Так вот, их тогда вместе с неуклюжим, сразу изобличающим всю их провинциальность «багажом» довезли до Минеральных Вод, до аэропорта, а там они застряли. Та же самая недолга: нелетная погода. В аэропорту такая же толчея, как сейчас здесь, в Ростове. Яблоку негде упасть. Казалось, вся эта несметная масса народа, скопившаяся в залах и переходах — на улице шел нудный безветренный дождь, — сейчас забродит, и она действительно сбраживалась, выделяя кислый, винный, тяжелый запах. Он стоял надо всем, как смог. Закупорка железобетонных сосудов — аэропорт в Минводах тоже из стекла и бетона. Машину они сразу отпустили. Райкомовскому шоферу — теща в своих предположениях была права — предстояло сто двадцать километров обратного пути… Но примоститься под крышей им было негде. Час поздний, рейс вот так же отложили до утра. Смотрел-смотрел Сергей, как мучается, пристроившись на узлах, его умаявшаяся с дороги, от духоты и переживаний теща, и вдруг неожиданно для себя решился на весьма непривычный шаг. Оставив на время тещу, поднялся на второй этаж, нашел зал для иностранных туристов и недолго раздумывая — иначе бы спасовал — толкнул входную, непрозрачного стекла дверь. Сразу за дверью столик со слабой настольной лампой с абажуром. Из-за столика быстро поднялась девушка в синем. Судя по всему, только что дремала «на посту», положив голову на руки.
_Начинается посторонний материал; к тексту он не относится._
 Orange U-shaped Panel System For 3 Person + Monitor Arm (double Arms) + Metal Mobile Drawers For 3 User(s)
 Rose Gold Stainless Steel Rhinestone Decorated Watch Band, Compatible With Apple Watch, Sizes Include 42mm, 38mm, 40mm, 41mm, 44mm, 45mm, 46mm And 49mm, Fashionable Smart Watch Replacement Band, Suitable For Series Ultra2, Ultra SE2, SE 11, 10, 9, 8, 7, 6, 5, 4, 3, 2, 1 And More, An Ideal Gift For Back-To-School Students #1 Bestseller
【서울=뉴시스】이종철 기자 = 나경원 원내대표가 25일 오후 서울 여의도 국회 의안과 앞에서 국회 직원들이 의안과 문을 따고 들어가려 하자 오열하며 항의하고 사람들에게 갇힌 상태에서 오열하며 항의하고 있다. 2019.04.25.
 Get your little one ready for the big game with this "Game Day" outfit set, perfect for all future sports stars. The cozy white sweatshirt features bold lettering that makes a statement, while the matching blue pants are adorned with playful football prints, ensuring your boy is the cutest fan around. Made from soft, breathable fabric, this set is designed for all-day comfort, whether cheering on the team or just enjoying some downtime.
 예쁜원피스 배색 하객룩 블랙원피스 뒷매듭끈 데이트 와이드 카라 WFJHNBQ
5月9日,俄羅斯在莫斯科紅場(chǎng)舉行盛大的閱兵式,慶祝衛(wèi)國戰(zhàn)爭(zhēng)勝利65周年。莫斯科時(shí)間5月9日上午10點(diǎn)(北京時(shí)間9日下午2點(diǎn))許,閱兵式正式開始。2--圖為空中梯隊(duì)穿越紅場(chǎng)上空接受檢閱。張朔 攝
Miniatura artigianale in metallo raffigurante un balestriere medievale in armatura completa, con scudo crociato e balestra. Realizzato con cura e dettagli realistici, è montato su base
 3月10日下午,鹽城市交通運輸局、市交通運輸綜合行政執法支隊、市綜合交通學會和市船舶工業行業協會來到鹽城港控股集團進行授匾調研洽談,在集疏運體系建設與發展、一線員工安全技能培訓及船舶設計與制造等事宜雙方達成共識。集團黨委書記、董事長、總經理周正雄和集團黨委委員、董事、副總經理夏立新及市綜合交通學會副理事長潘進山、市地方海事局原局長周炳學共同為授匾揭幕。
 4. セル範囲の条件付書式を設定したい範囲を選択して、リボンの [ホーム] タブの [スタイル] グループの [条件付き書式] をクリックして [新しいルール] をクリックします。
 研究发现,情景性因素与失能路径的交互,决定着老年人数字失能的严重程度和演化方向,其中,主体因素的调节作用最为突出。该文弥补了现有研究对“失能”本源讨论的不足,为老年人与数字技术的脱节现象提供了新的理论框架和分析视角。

— Здравствуйте, что вы хотели? — спросила по-английски.

Сервис! Умеем же, черт побери, — перед Европой.

А перед родной Евразией?

— Здравствуйте, — поздоровался Сергей и сразу протянул редакционное удостоверение. — Лечу со старой женщиной, а тут задержка. Тяжело ей на чемоданах (не мог же сказать — на узлах). Не приютили бы вы нас до утра? В шесть утра духу нашего не будет…

Удостоверение ли возымело действие, или просто молоденькой служительнице неудобно было после столь учтивого английского послать его по-русски, по-домашнему, по-нашенски, но она сказала вполголоса:

— Хорошо. Проходите, располагайтесь.

И показала рукой в глубь комнаты, в темноту и тишину.

Комната большая, целый зал, и когда они с тещей, стараясь не топать, прошли, протиснулись в нее мимо дежурной (и на Серегину тещу, и на их «багаж» та посмотрела с нескрываемым подозрением, уж больно громоздким, неуклюжим и нестандартным оказалось и то, и другое), и устроились на роскошном кожаном диване, и, попривыкнув к полутьме, огляделись, то обнаружили, что комната практически пуста. В разных концах ее на таких же диванах лежали, возлежали не более четырех человек. Как разительно отличалось это от того, что творилось в нескольких метрах отсюда! Оазис — тишины и комфорта — в сутолоке птичьего базара. В самом деле: что такое аэропорт в подобной ситуации? — перелетный птичий базар в нелетную погоду.

«Париж — город контрастов…»

Город Минеральные Воды, оказывается, тоже!

Заграница тихо и просторно спала.

Не исключено, что и их пропустили сюда без звука из опасения, что, не пусти, Сергей еще расшумится, раздухарится, привлечет внимание, помянет капиталистов каким-нибудь пролетарским словом, короче, нарушит покой и сон заграницы.